ENTRIES PROVIDED:
::::::

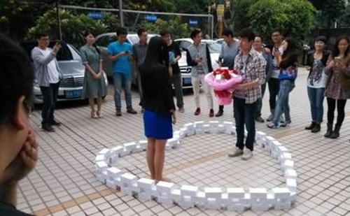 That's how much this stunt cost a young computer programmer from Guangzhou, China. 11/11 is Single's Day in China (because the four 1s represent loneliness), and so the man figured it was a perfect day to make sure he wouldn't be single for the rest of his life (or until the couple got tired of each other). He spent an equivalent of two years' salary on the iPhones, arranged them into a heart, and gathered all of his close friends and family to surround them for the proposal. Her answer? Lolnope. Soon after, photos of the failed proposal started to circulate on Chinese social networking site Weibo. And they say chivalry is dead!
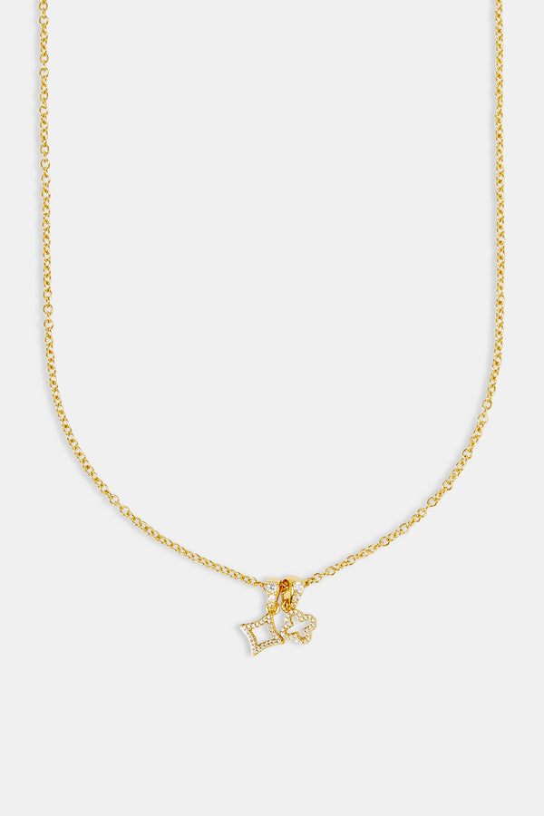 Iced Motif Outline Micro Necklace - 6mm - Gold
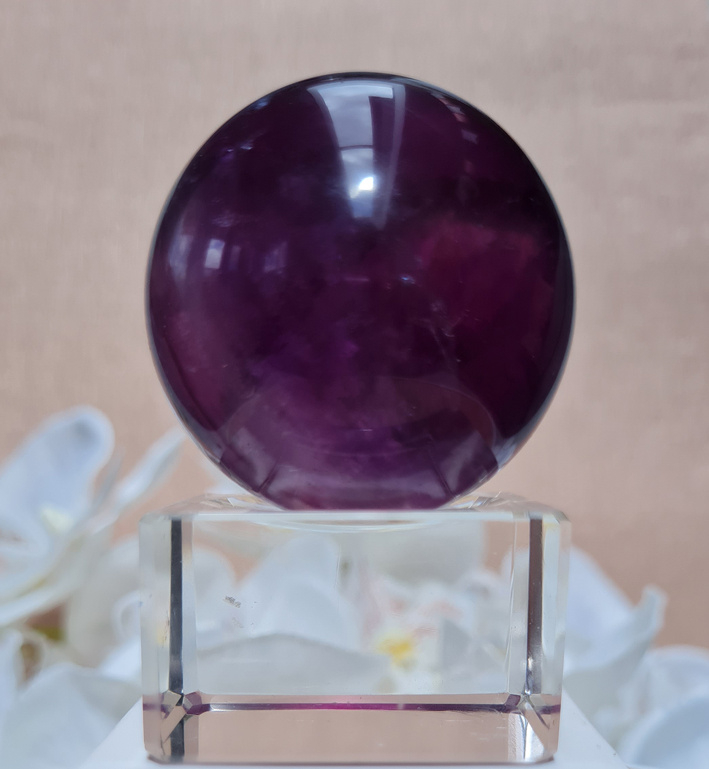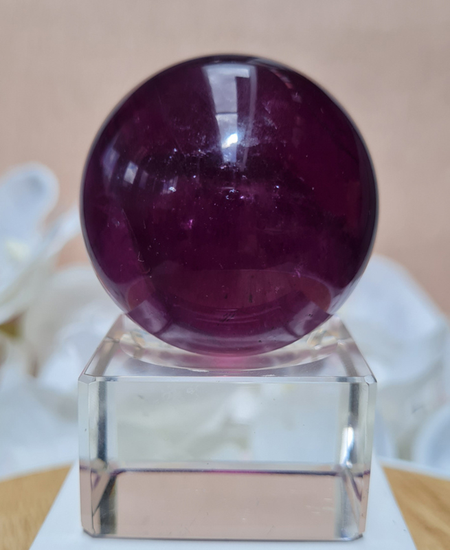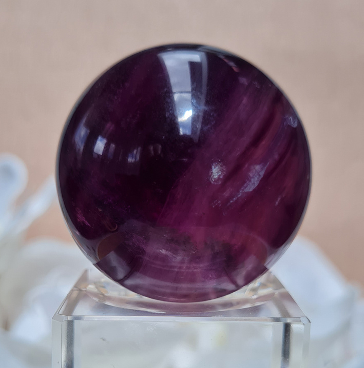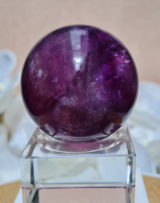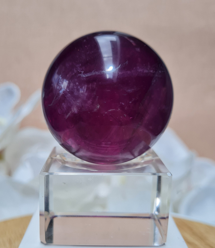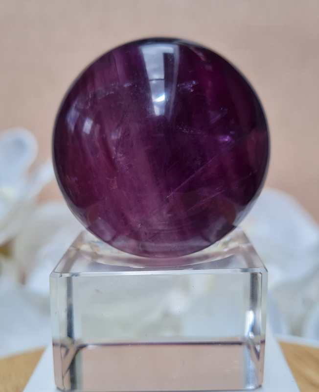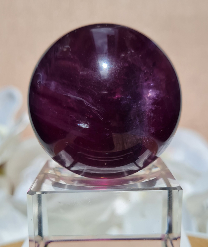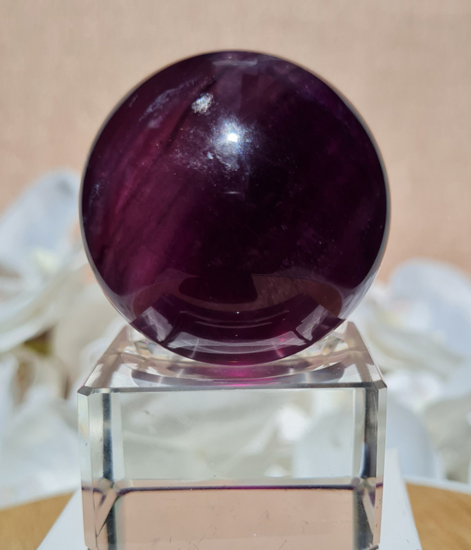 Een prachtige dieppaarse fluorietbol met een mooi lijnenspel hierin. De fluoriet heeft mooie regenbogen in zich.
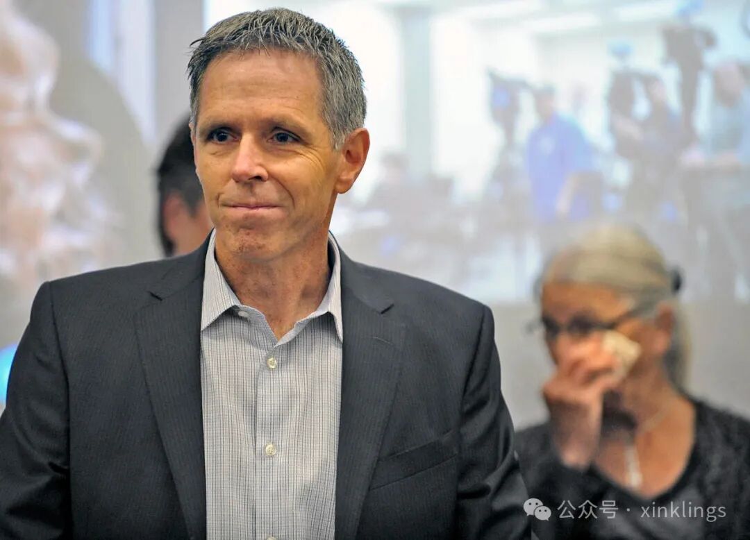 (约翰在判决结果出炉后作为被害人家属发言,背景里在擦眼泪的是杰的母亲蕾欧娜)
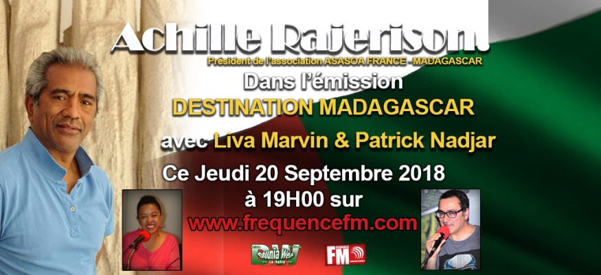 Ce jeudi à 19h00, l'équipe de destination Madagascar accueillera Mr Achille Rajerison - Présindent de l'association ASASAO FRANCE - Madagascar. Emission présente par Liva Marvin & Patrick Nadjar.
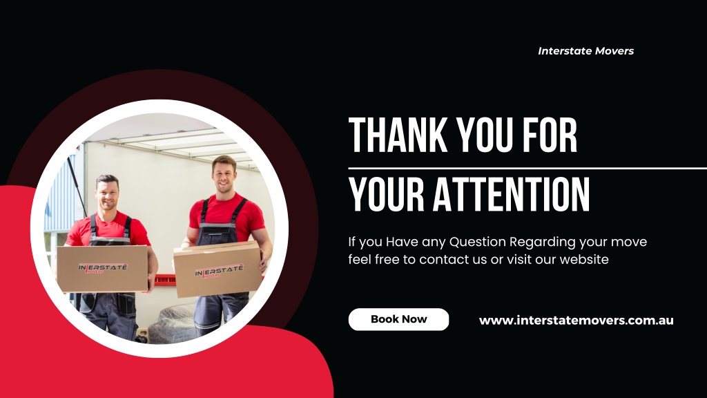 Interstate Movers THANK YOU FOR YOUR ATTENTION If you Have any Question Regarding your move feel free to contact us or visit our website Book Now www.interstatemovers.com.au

::::::

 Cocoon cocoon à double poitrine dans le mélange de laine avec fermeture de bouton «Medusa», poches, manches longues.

::::::

AIM OF THE EXERCISE: Transcribe the lines above exactly, beginning at the one with "(约翰在判决结果出炉后作为被害人家属发言,背景里在擦眼泪的是杰的母亲蕾欧娜)" and ending at the one with "Interstate Movers THANK". Include both; exclude the pictures.

REPLY:
 (约翰在判决结果出炉后作为被害人家属发言,背景里在擦眼泪的是杰的母亲蕾欧娜)
 Ce jeudi à 19h00, l'équipe de destination Madagascar accueillera Mr Achille Rajerison - Présindent de l'association ASASAO FRANCE - Madagascar. Emission présente par Liva Marvin & Patrick Nadjar.
 Interstate Movers THANK YOU FOR YOUR ATTENTION If you Have any Question Regarding your move feel free to contact us or visit our website Book Now www.interstatemovers.com.au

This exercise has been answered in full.